> Data supplied
______________________________
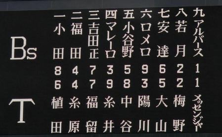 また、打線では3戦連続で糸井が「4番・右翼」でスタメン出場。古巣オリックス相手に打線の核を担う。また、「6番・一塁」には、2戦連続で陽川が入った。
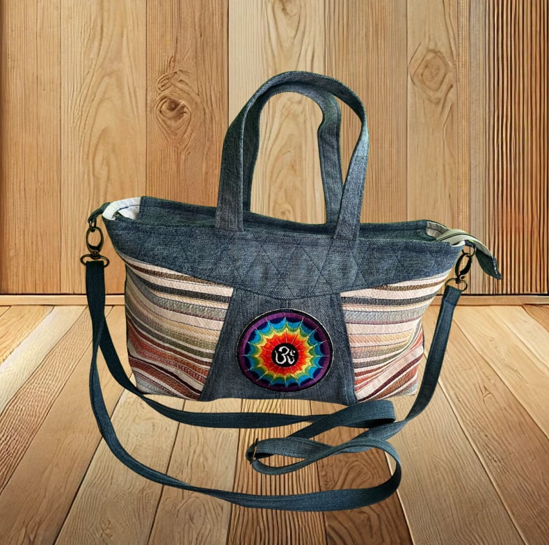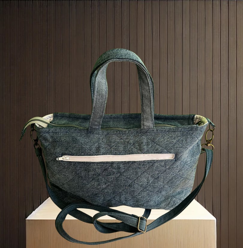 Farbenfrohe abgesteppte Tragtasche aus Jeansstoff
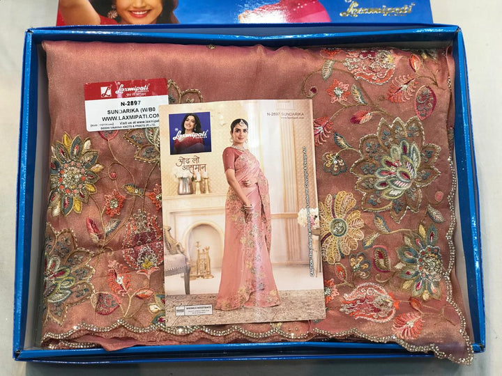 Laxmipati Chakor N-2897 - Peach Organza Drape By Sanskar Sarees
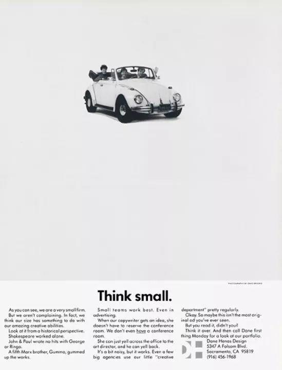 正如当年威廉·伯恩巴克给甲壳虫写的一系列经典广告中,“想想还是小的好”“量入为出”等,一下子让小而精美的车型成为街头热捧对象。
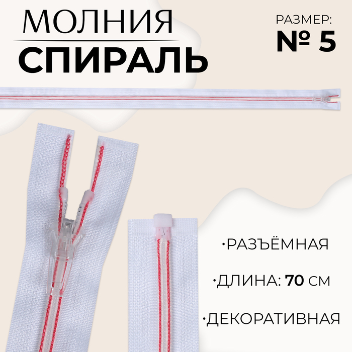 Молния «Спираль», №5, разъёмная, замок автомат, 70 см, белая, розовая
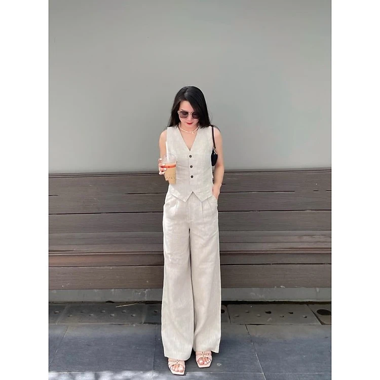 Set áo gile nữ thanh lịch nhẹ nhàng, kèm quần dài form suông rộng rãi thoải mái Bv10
______________________________
Write out word for word every line from the line with "正如当年威廉·伯恩巴克给甲壳" through the final line of the records, both included, skipping the pictures.

> Task answer
 正如当年威廉·伯恩巴克给甲壳虫写的一系列经典广告中,“想想还是小的好”“量入为出”等,一下子让小而精美的车型成为街头热捧对象。
 Молния «Спираль», №5, разъёмная, замок автомат, 70 см, белая, розовая
 Set áo gile nữ thanh lịch nhẹ nhàng, kèm quần dài form suông rộng rãi thoải mái Bv10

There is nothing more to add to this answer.